Right before press time, the news hit that the third round of Chinese tariffs were going into effect starting September 24, and the list of products includes most types of flooring. Initially, the tariff will be 10%, but on January 1 of next year, it rises to 25%.

What’s interesting about this list of $200-billion worth of Chinese imports is that this round included consumer goods, which means it will have an immediate impact on the prices households pay for products they buy on a routine basis.

I hesitated to devote this column to this story since our president has been known to capitulate on issues like this as part of the negotiation process, so all this could change tomorrow. The core mission of any politician is to stay in office, and with midterms around the corner, this is a bold and potentially unpopular decision because of the impact it will have on inflation as well as retaliatory implications for American farmers, who will suffer the most when the Chinese hit back with counter tariffs.

Back in March, the United States Trade Representative (USTR) released the findings of its “exhaustive Section 301 investigation that found China’s acts, policies and practices related to technology transfer, intellectual property and innovation are discriminatory and restrict on U.S. Commerce.” On July 10, a 6,031 product classifications were proposed, and, in spite of a lengthy hearing process in August, only 297 products were removed from the list. No flooring items were removed, despite a differing set of circumstances depending on the product category, which I’ll get to in a moment.

It’s also important to understand the significance of China in the flooring business. According to analyst Santo Torcivia, imports represent half of the flooring that’s consumed in the U.S., and half of those imports come from China-so 25% of the flooring consumed today is made in China.

In July, the USTR published the criteria for keeping a product off the tariff list. First and foremost, is the product available from an alternative source outside of China? Secondly, would additional duties cause severe economic harm to the requestor or other U.S. interests? And lastly, is the product strategically important to the “Made in China 2025” industrial growth strategy?
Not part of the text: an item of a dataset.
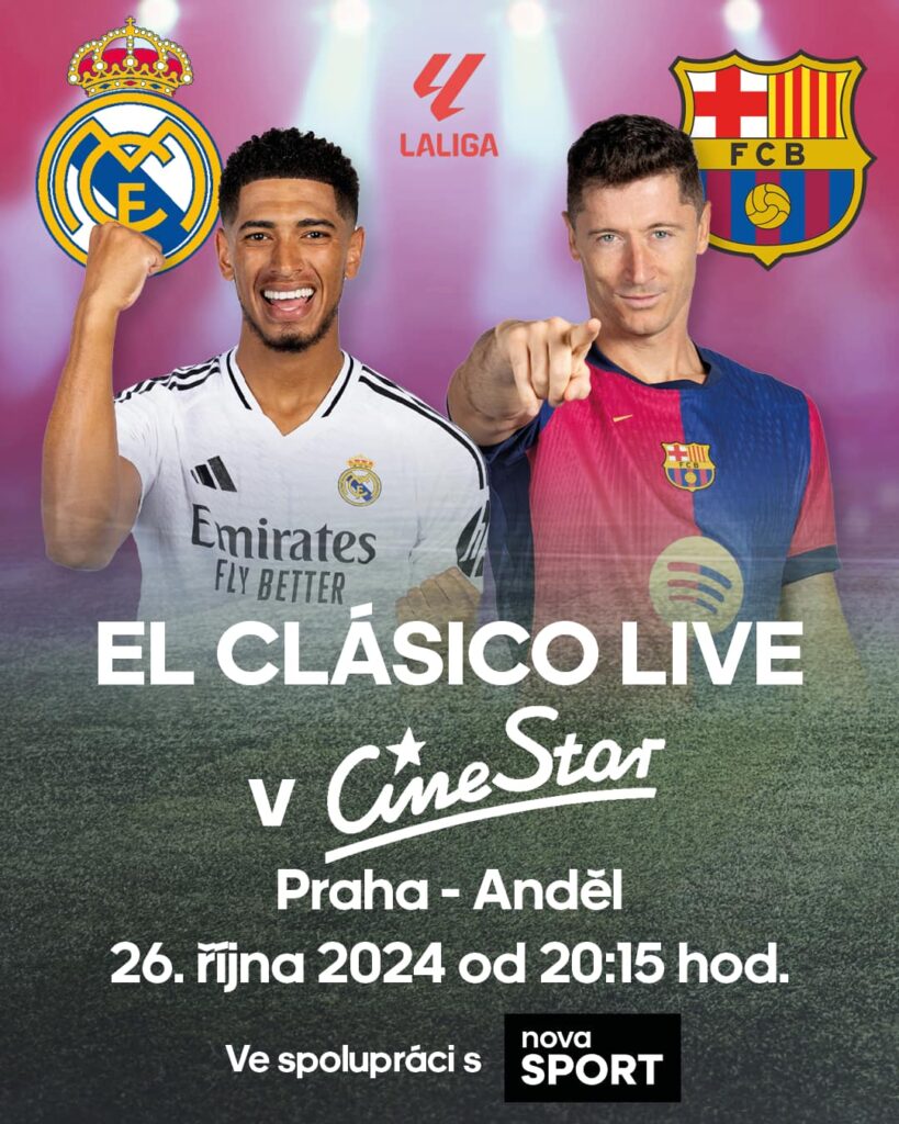 Pokud si chcete vychutnat El Clásico na obřím plátně s prvotřídním zvukem, přijďte v sobotu 26. října do kina CineStar Praha Anděl a užijte si souboj gigantů Real Madrid vs. FC Barcelona jako ještě nikdy předtím. Na co vše se můžete těšit?

As we consider each flooring category, the one flooring category that, given that criteria, might deserve exclusion is LVT and especially rigid core LVT. Of the $2.7 billion (at wholesale value) of LVT that will be consumed in America this year, only 25% is made domestically. And when you consider rigid core LVT-which represents more than half of the total LVT consumed-most of it is made in China. So, today there is not enough capacity outside of China to satisfy U.S. demand.

10% VERSUS 25%
At the onset, the initial tariff of 10% will not be as significant as the 25% rate that has been promised for the first of next year. In fact, some say the 10% rate will hardly make a difference because the Chinese Yuan has already been devalued by nearly 10% since the March/April time frame when the currency was impacted by the threat of a tariff. But a 25% tariff, especially over an extended time frame, will be more significant.

To survive, companies that produce in China will be forced to move to alternative Asian countries, and domestic brands will have a greater incentive to invest in U.S. production.

One might have thought that the percentage levied would vary depending on the availability of alternative sources, coupled with the role Chinese suppliers have played in the global market. Porcelain tile, for example, has ample manufacturing capacity around the world, and China’s role in the tile industry, according to USTR hearing testimony by Eric Astrachan, executive director of the Tile Council of North America, fits within the predatory criteria of the Section 301 initiative. More of a copycat than an innovator. So a 25% tariff might be warranted.

With LVT, on the other hand, the tariff should arguably be lower and may not even be justified because of the lack of global capacity and, more importantly, because of the role the Chinese have played as an innovator. Both types of rigid LVT were initially developed in Chinese factories.

Most historians can attest to the fact that tariffs cause prices to rise-not only because the product is being taxed by the importing country, but also because domestic suppliers see it as an opportunity to increase their prices as well. Just a week before the tariffs were announced, one of the flooring industry’s largest suppliers sent out a customer letter announcing a price increase equal to the amount of the tariff, effective on the same day as the tariffs are enacted. This is going to be interesting to watch.